Dataset items
Segment Open

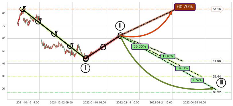 ➢ 高概率大级别循环下跌浪被破坏,反转向上(突破5浪起点)概率60.70%
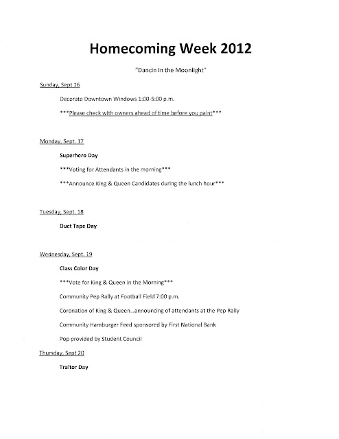 The pep rally will be held at the football field at 7:00 pm tonight. First National Bank will be serving hamburgers from 5:30-6:30 pm. The King and Queen will be crowned and Homecoming attendants announced during the pep rally.
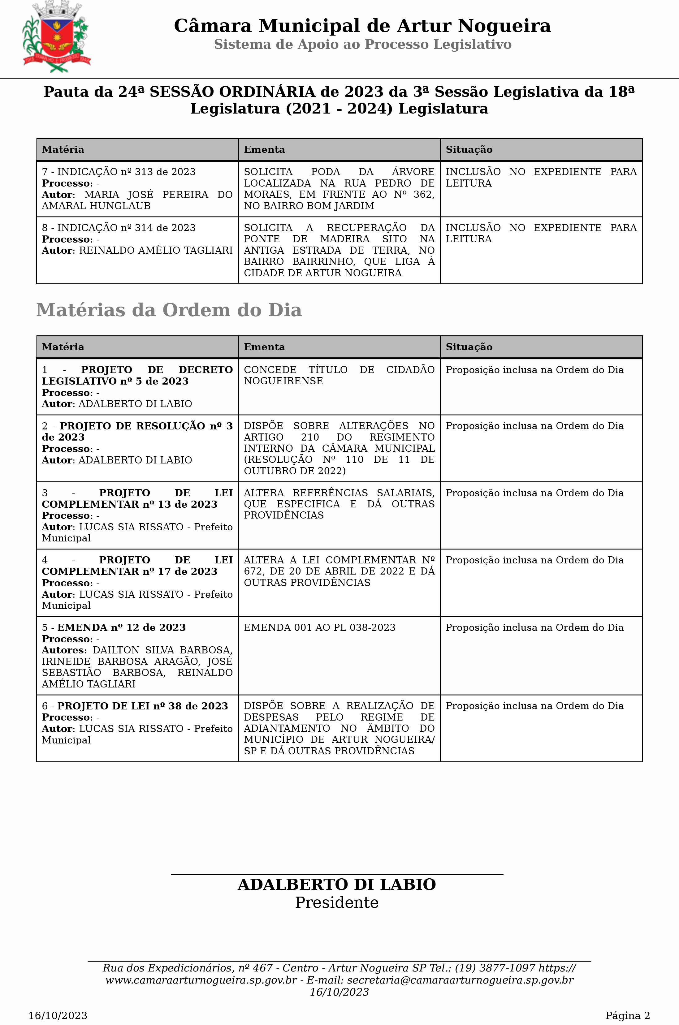A 24ª sessão ordinária da Câmara Municipal de Artur Nogueira acontece hoje (16), às 18h30. O público também poderá acompanhar a transmissão pelo site da Casa Legislativa ou pelo Correio Nogueirense.
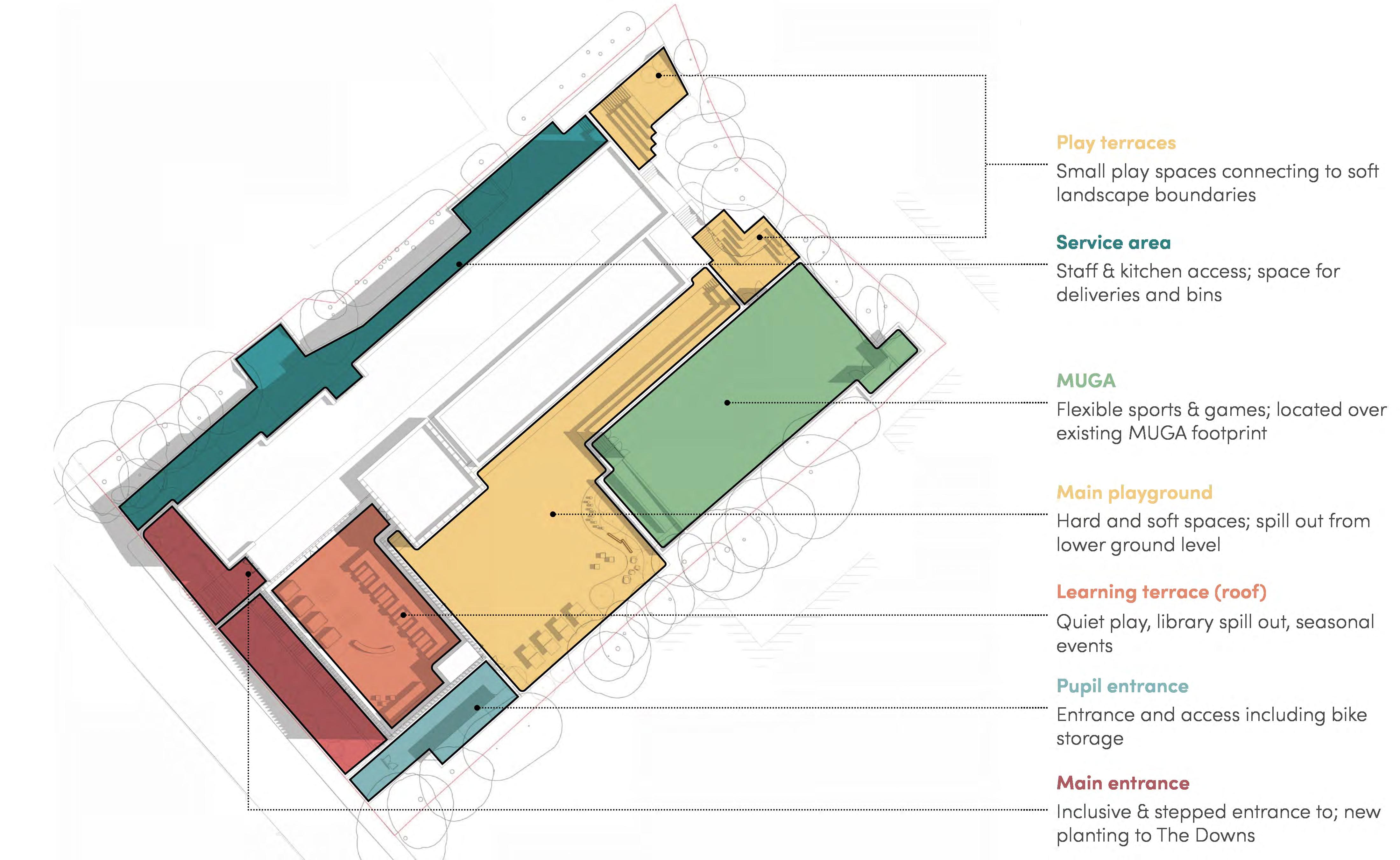 • Ensure that all site access points – vehicular, pedestrian and cyclist – come from The Downs and align with existing entrances, while minimising the impact of vehicular access by maintaining the current vehicle route along the northern boundary to safely separate deliveries and servicing from visitor and pupil areas. Provide cycle parking for the site, located to the south entrance to provide clear, safe and easy access.
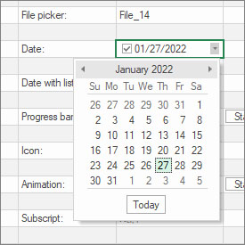 CBCGPGridDateTimeItem:添加了 CBCGPDateTimeCtrl::DTM_CHECKBOX 标志支持。 可以使用可选复选框创建网格日期/时间单元格(参见屏幕截图)。 虽然数据/时间选择器处于未选中状态,但 CBCGPGridDateTimeItem 显示空值标签。 请在 CBCGPGridDateTimeItem 的构造函数中查看一个新的可选参数 (LPCTSTR lpszNoDateLabel)。 CBCGPGridDateTimeItem 类中添加了以下新成员:m_bIsChecked、m_strNoDateLabel。
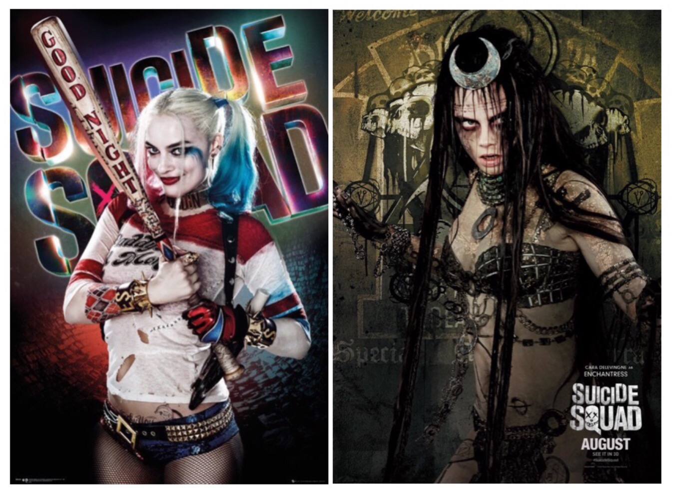 There’s more. The sexual politics are pretty offensive in the sense that the two female leads are totally objectified. Margot Robbie’s Harley Quinn is probably the star of the movie as much as she was the star of the publicity. The character originated in the Batman Animated Series in 1992 but was picked up by the comics within a year where she was inevitably overly sexualised, especially when she became a part of the series this film is based on. Back on the screen but now live action she is toned down a little but remains a teenage boy’s fantasy. She’s wearing a shirt, most of the time, but it’s all pigtails up top and tiny pants down below. This latter costume detail is most obvious when she is shot from behind which she is, regularly. The camera lingers a little less on Cara Delevingne’s bonkers Enchantress but she is wearing even less. Apparently she is an ancient and mighty witch commanding powers beyond comprehension so of course she’d be in chains and a dusty bikini. Harley Quinn is also essentially the damaged victim of abuse which does not sit well.
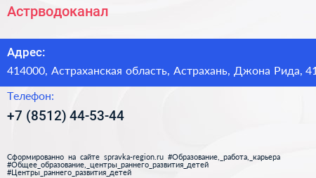 Астрводоканал по адресу 414000, Астраханская область, Астрахань, Джона Рида, 41 в дальнейшем Организация, размещена в следующих категориях:
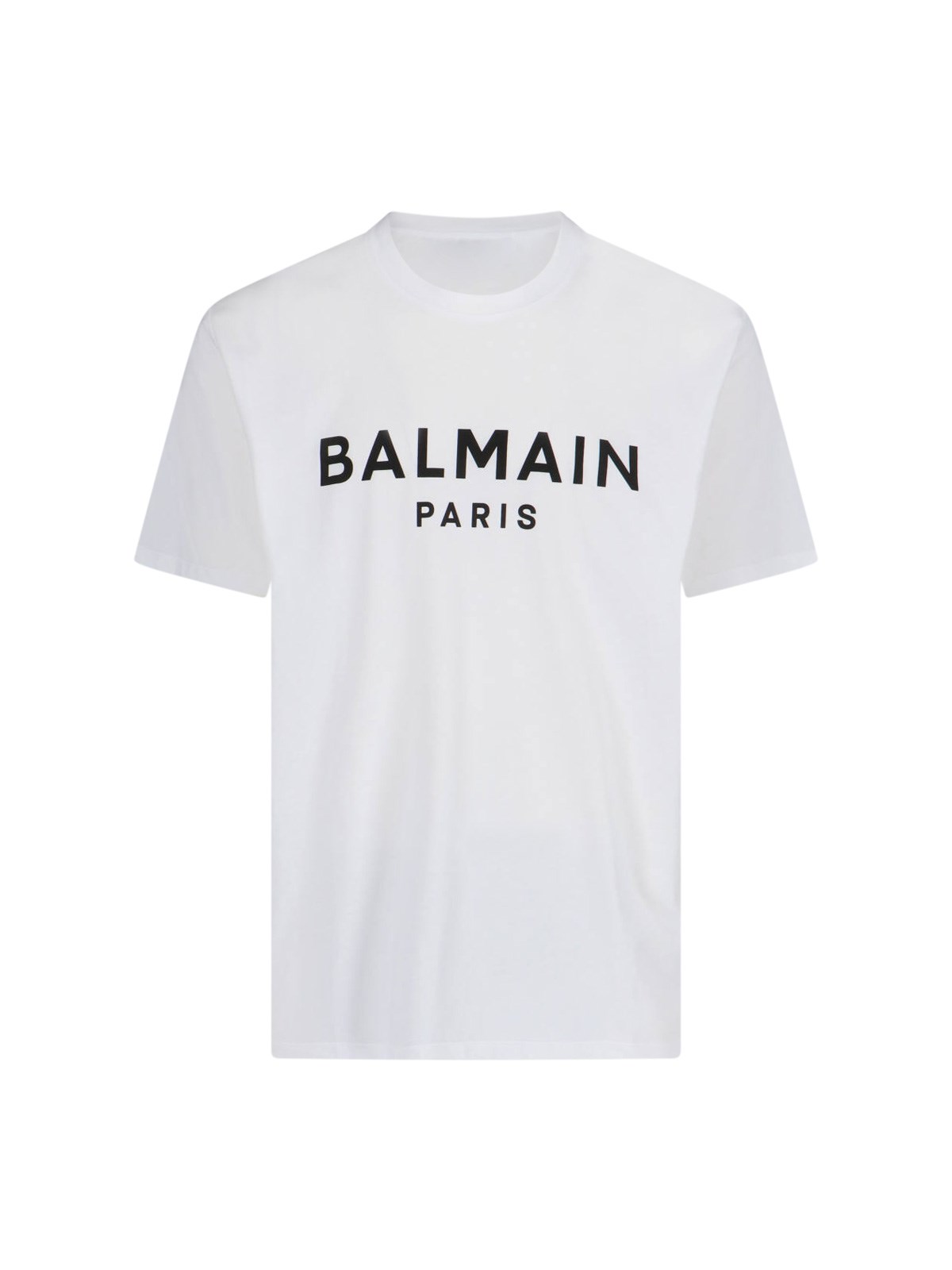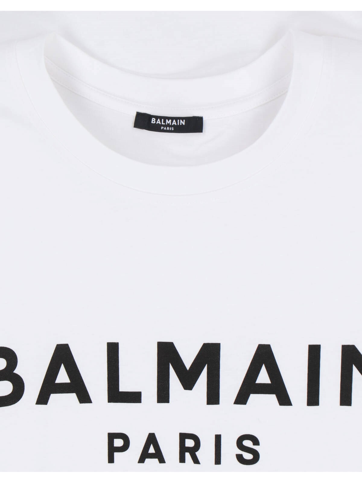 Balmain "Paris" white cotton crew neck t-shirt with short sleeves, contrasting chest logo print, straight hem.
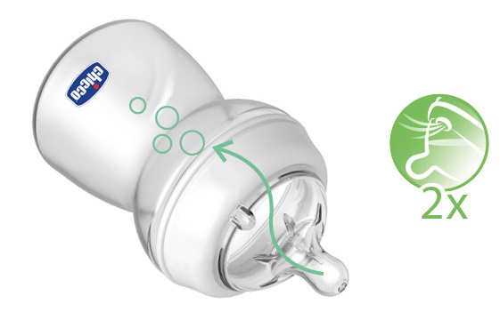 Podwójny system antykolkowy zapobiega połykaniu powietrza, zmniejszając ryzyko wystąpienia kolki.
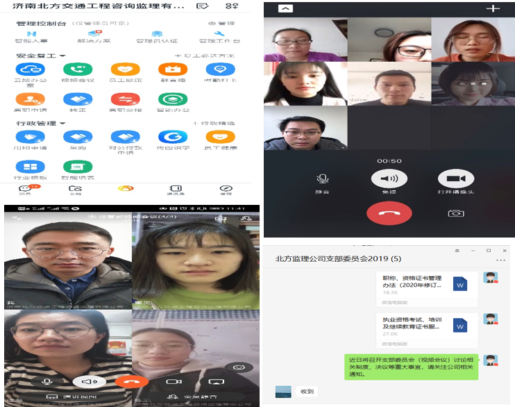 鉴于目前无法完全复工复产的情况,为了保障公司各项业务正常开展,公司采用线上协同办公方式,通过钉钉办公、腾讯会议、企业微信等途径实行网上办公,顺利召开了疫情防控工作会议、党支部支委会、部门工作会等,及时落实各项工作要求,起到了及时高效的工作成效,保证了公司各项工作有序开展。

Segment Closed

Aim of the exercise
Write out exactly and only the lines that run from the start of the data above through the line containing "The pep rally will", leaving the pictures out.

Expected output
 ➢ 高概率大级别循环下跌浪被破坏,反转向上(突破5浪起点)概率60.70%
 The pep rally will be held at the football field at 7:00 pm tonight. First National Bank will be serving hamburgers from 5:30-6:30 pm. The King and Queen will be crowned and Homecoming attendants announced during the pep rally.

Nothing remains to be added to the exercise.